1 Introduction

In the last years we are witnessing the spread of knowledge intensive applications that relies on the flourishing of the datasets available in the Linked Data (LD) CloudFootnote 1. The richness of semantic data they expose paves the way to a new generation of services and tools exploiting the ontological knowledge they encode as well as the possibility to easily mash up data coming from different sources. Among them, geographical datasets are becoming more and more important to deliver location-aware services.

The availability of a common query interface i.e. SPARQL, and the crowd-driven standardization of ontological vocabularies allows an intelligent application to grab data from diverse datasets and join them. We may imagine different scenarios where such a feature can be an important asset to provide a high quality service such as context-aware recommendation systems [15], on-line shopping, etc. or public services needed in situations of disaster management where the quality and timeliness of the data is of crucial importance.

In many application scenarios, geographical information is a key factor to enhance system answers to user request, e.g. in a movie recommendation scenario in order to suggests not only a movie according to user preferences, but also with reference to the closeness of the cinema.

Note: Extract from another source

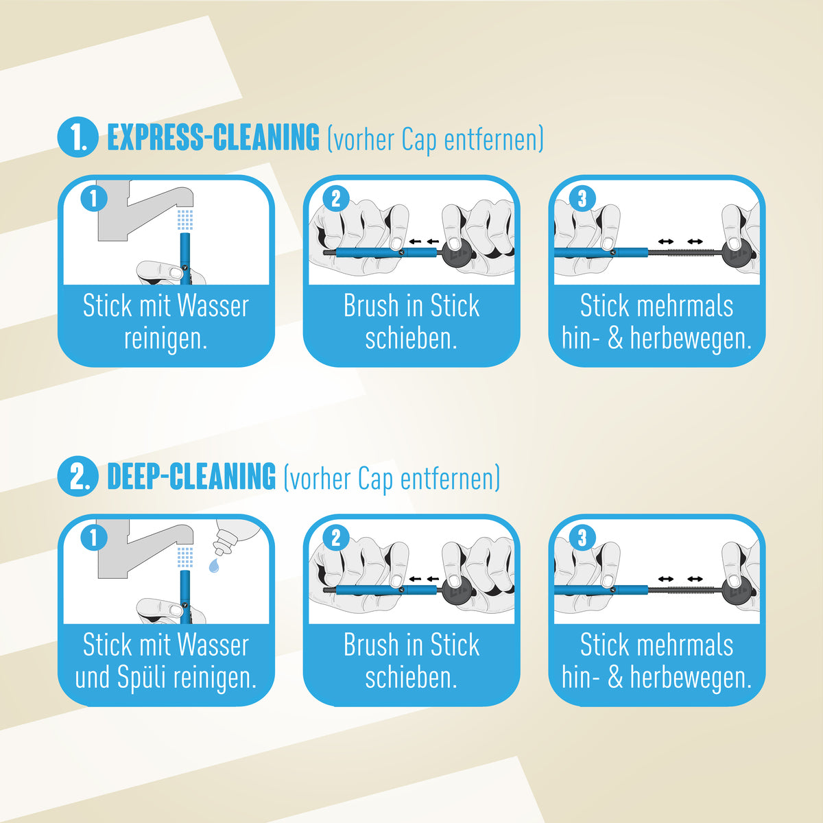 Mit BRUSH kannst Du Deinen FLAVEAIR-Stick ganz leicht reinigen. Reinigung vor dem ersten Gebrauch und bei Sortenwechsel. Für vollen Genuss Aroma-CAP alle 3-5 Tage auswechseln, je nach Gebrauch. Kühl, trocken und lichtgeschützt lagern.

Geographical knowledge bases and geo-spatial reasoning may play a key role also in emergency response or transportation planning [3, 5, 16] where it results useful to combine knowledge from different types of datasets in order to get knowledgeable information from the system. As a way of example, while organizing a trip, the user could combine information about the cultural heritage sites and means of transport with hotel accommodations, taking into account their proximity. Analogously, in emergency response situations, data can be combined to obtain a helpful and timely response. In an emergency scenario, e.g. an earthquake, the user should be able to query a knowledge base to look for collection camps, hospitals, rescue places, areas for helicopter landing as well as informal camps where the homeless have set up tent camps.

In this paper we present LOSM (Linked Open Street Map), a service that acts as a SPARQL endpoint on top of OSM. LOSM allows one to query Open Street Map data via a SPARQL query as it takes care to translate the query into a set of calls to OSM APIs. This results in exposing all the information contained in the Open Street Map geographical database as Linked Data thus making OSM a first class citizen in the Linked Data Cloud.

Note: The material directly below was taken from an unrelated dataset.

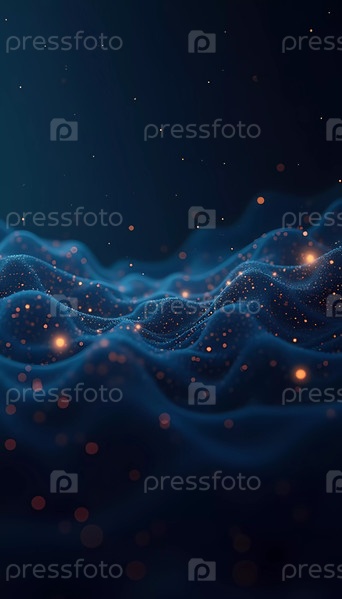 Композиция включает в себя плавные синие линии и светящиеся узлы, которые представляют сложные взаимодействия больших данных в цифровой среде. Футуристический вид подчеркивает технологию и связь. ИИ

While LOSM supports an on-the-fly integration of OSM data with data coming from other sources, differently from similar projects (see LinkedGeoData Footnote 2 [2] for example) LOSM does not rely on a periodical dump of the data, but it always exposes fresh and up-to-date data.

Another strength of our tool is the possibility to merge different datasets of the Linked Data cloud, linking geo-spatial knowledge with the one coming from various knowledge bases, as we show in Sect. 3.1.

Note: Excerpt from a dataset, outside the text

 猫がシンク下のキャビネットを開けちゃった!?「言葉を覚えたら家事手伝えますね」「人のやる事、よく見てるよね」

The remainder of this paper proceeds as follows. In Sect. 2 we start by briefly describing Open Street Map and the reason why we chose it as a provider of linked geo-spatial data, then we describe the system architecture and the query language implemented in LOSM. Then, in Sect. 3 we describe two use cases through some sample queries highlighting the capabilities of LOSM, with a particular reference to an emergency management scenario. Finally, in Sect. 4 we review related works relying on the use of geo-spatial data. Conclusion and future work close the paper.

2 LOSM: Linked Open Street Map

In the “geo-data” arena, the crowd sourced project Open Street Map [10] is currently playing a primary role due to its openness, easy of use and of integration in third party applications.

OSM is a geographical database maintained by Web users containing a huge amount of data that can also be displayed on a map. Its database is updated every 15 min and as of today it contains \(5,\!027,\!330,\!590\) GPS points and \(2,\!445,\!598\) users who contribute to the project.

All this data is either available via weekly dumps or it is queryable through a public API. In particular, overpassFootnote 3 is a read-only API which allows the user to query Open Street Map by means of at least two different languages: XML or Overpass QL. By means of an overpass query, the API is able to retrieve nodes within an area, recognize streets or relations.

The query language is very expressive and makes possible to perform spatial reasoning by imposing constraints within the query. For instance, the user may impose relationships among nodes through filters such as around, bounding box and the poly function. It is easy to see that having such data available in the Linked Open Data cloud would surely enrich the amount and quality of the information available within the so called Web of Data.

This is the rationale behind the LinkedGeoData project [2]. It aims at triplifying Open Street Map dumps every six months by mapping OSM tags and sourceKey properties with reference to a publicly available ontology. This is a very useful resource because it makes available classes that map keys and tags used in Open Street Map nodes.

Although the big effort and work in developing and maintaining the datasets behind the project, LinkedGeoData suffers from the misalignment between the data available via the SPARQL endpoint (based on a dump) and the one available in Open Street Map. Indeed, the updates made by the users are available as RDF triples only when the dump is processed and loaded in the LinkedGeoData triple-store.

Despite the considerable effort, LinkedGeoData approach cannot be used for all those scenarios where timeliness and freshness of information is a must have. A flagship example is that of disaster recovery where information about collection camps, rescue places, temporary hospitals, passable roads, etc. needs to be available as soon as possible.

Starting from this observation we developed LOSM, a SPARQL endpoint that acts as a translator from a SPARQL query to a set of overpass API calls. In such a way we are sure that the data we retrieve is always fresh and up-to-date as they come directly from the OSM database, which is constantly updated by a crowd of volunteer all around the world.

The scheme in Fig. 1 shows an overview of the service architecture. In a few words, the systems is able to translate a SPARQL query to a sequence of (iterative) overpass API calls, collect the data, join and return it to the client. We currently support SPARQL queries via HTTP GET.

The Parser uses a scanner for the recognition of lexemes in a SPARQL query and creates the data-structures needed by the Query Manager. This module is in charge of breaking the query into sub-queries according to the remote functions available in the overpass API.

The Result Manager handles the sub-queries and the results they generate to create the final Result map. The Result Manager breaks the graph pattern described in the SPARQL query into a set of connected sub-graphs by identifying their mutual relations. Each sub-query goes through the Translator which is in charge of creating the overpass calls.

Fig. 1.
figure 1

Overall representation of the system architecture

The system also exposes a Web page with a query editor with autocomplete facilities with respect to the LinkedGeoData ontology classes.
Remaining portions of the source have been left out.